### [Recorded data]
[Start of Attachment]

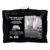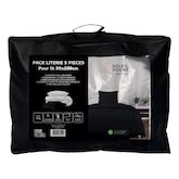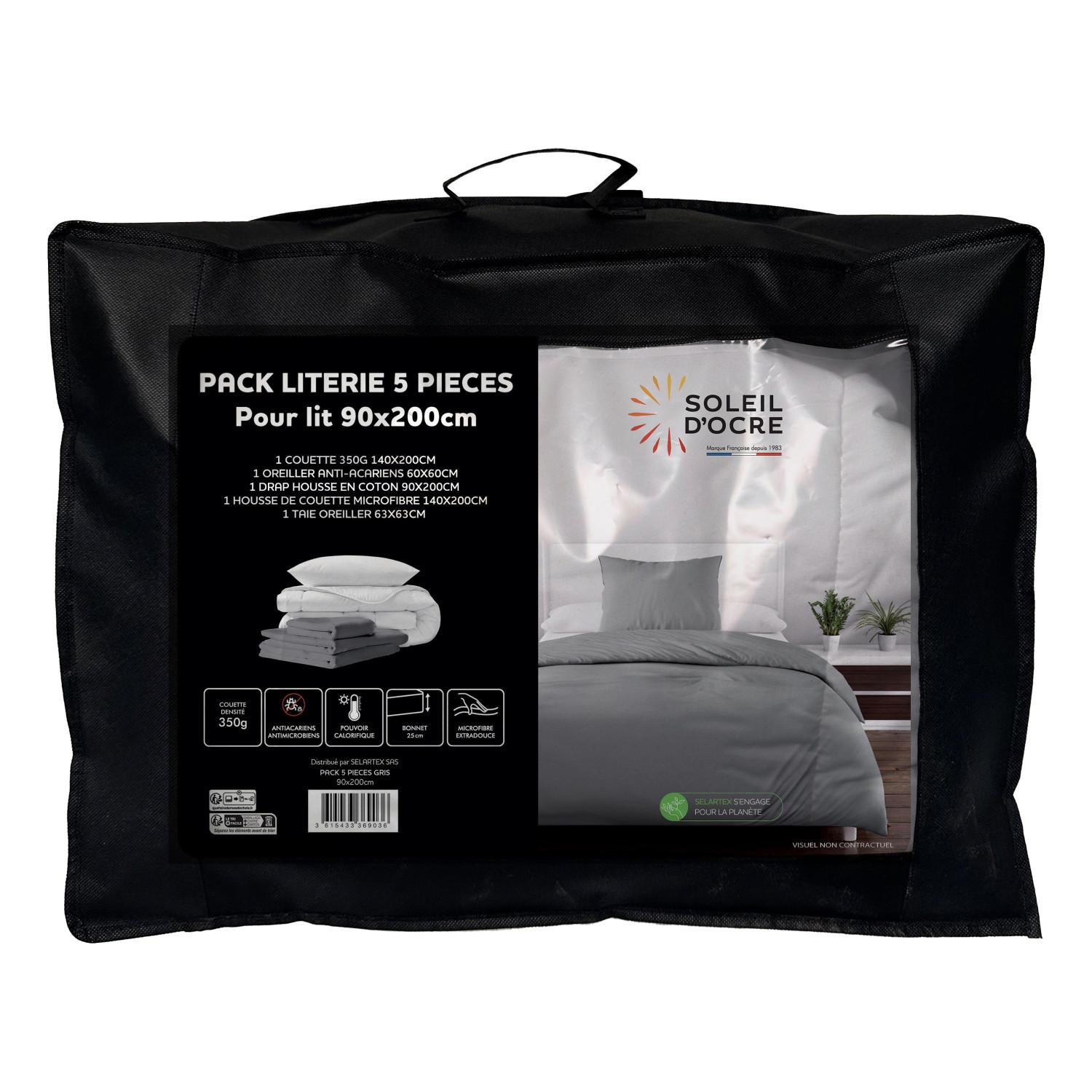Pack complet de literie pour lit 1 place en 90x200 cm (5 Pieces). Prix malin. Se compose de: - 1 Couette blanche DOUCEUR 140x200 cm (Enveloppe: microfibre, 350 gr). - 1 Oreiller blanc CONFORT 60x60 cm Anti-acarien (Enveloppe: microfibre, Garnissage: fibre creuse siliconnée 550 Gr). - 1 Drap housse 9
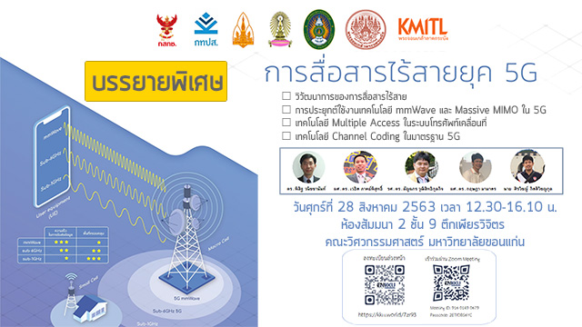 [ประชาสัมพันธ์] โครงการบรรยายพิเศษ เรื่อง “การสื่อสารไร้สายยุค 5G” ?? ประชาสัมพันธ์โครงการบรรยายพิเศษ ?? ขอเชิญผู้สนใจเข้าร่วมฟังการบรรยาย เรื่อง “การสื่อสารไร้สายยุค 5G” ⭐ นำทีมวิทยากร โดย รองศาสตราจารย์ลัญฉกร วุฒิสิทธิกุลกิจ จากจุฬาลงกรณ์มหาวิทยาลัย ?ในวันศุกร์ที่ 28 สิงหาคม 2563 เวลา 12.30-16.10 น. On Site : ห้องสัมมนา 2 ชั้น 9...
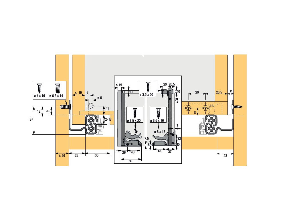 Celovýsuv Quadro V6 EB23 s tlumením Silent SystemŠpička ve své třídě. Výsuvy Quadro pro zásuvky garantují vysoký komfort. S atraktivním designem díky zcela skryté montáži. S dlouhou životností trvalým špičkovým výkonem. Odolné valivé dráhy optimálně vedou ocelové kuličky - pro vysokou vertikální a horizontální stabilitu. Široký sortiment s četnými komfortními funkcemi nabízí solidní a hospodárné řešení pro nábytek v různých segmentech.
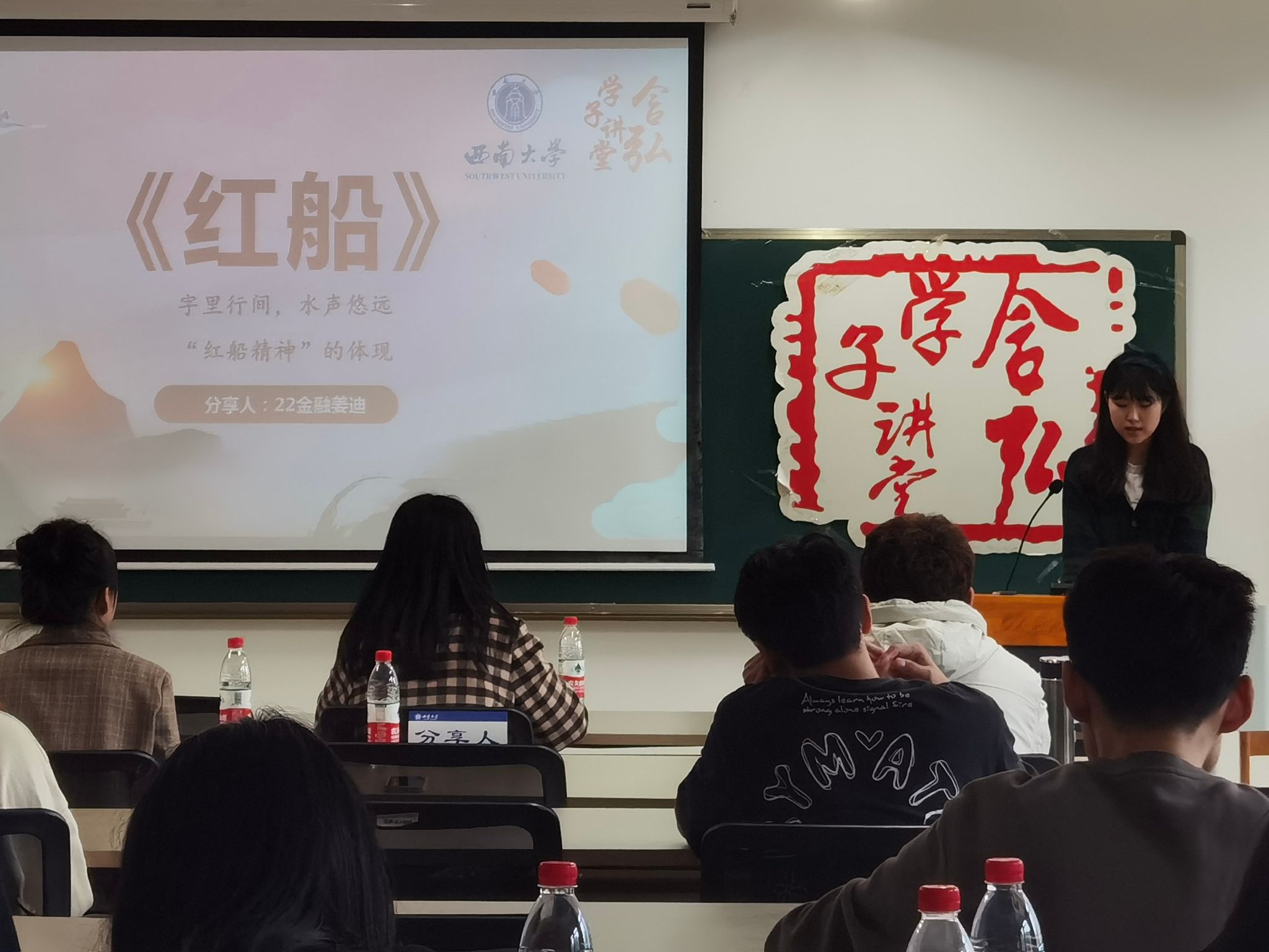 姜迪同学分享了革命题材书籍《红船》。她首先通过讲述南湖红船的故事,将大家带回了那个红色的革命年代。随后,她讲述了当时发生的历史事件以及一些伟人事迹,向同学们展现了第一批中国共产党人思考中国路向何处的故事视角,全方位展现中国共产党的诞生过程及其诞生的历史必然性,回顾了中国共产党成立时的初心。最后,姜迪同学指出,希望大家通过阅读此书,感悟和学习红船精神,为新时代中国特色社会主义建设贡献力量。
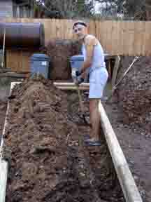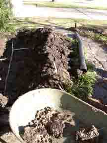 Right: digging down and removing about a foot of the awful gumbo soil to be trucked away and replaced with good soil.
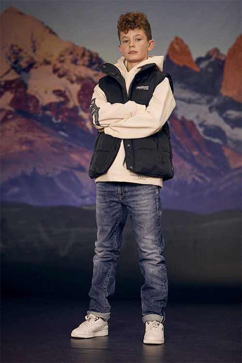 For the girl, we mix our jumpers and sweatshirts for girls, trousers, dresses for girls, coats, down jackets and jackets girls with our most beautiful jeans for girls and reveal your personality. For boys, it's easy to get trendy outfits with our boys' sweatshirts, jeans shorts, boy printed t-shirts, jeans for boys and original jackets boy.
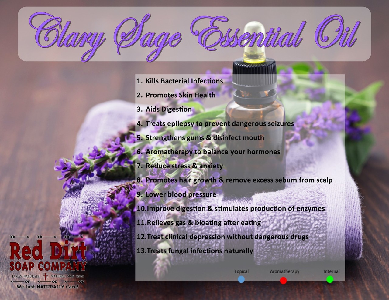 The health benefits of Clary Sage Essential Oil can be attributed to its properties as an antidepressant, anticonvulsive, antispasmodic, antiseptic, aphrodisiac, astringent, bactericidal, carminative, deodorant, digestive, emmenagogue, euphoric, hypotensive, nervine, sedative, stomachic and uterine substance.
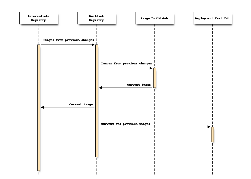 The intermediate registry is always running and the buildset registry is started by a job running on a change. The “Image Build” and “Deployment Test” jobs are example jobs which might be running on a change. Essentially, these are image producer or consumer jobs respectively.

[End of Attachment]

### [Problem description]
The response should consist of the lines above from the first through the one containing "Celovýsuv Quadro V6", transcribed exactly, with every picture left out.

### [Written answer]
Pack complet de literie pour lit 1 place en 90x200 cm (5 Pieces). Prix malin. Se compose de: - 1 Couette blanche DOUCEUR 140x200 cm (Enveloppe: microfibre, 350 gr). - 1 Oreiller blanc CONFORT 60x60 cm Anti-acarien (Enveloppe: microfibre, Garnissage: fibre creuse siliconnée 550 Gr). - 1 Drap housse 9
 [ประชาสัมพันธ์] โครงการบรรยายพิเศษ เรื่อง “การสื่อสารไร้สายยุค 5G” ?? ประชาสัมพันธ์โครงการบรรยายพิเศษ ?? ขอเชิญผู้สนใจเข้าร่วมฟังการบรรยาย เรื่อง “การสื่อสารไร้สายยุค 5G” ⭐ นำทีมวิทยากร โดย รองศาสตราจารย์ลัญฉกร วุฒิสิทธิกุลกิจ จากจุฬาลงกรณ์มหาวิทยาลัย ?ในวันศุกร์ที่ 28 สิงหาคม 2563 เวลา 12.30-16.10 น. On Site : ห้องสัมมนา 2 ชั้น 9...
 Celovýsuv Quadro V6 EB23 s tlumením Silent SystemŠpička ve své třídě. Výsuvy Quadro pro zásuvky garantují vysoký komfort. S atraktivním designem díky zcela skryté montáži. S dlouhou životností trvalým špičkovým výkonem. Odolné valivé dráhy optimálně vedou ocelové kuličky - pro vysokou vertikální a horizontální stabilitu. Široký sortiment s četnými komfortními funkcemi nabízí solidní a hospodárné řešení pro nábytek v různých segmentech.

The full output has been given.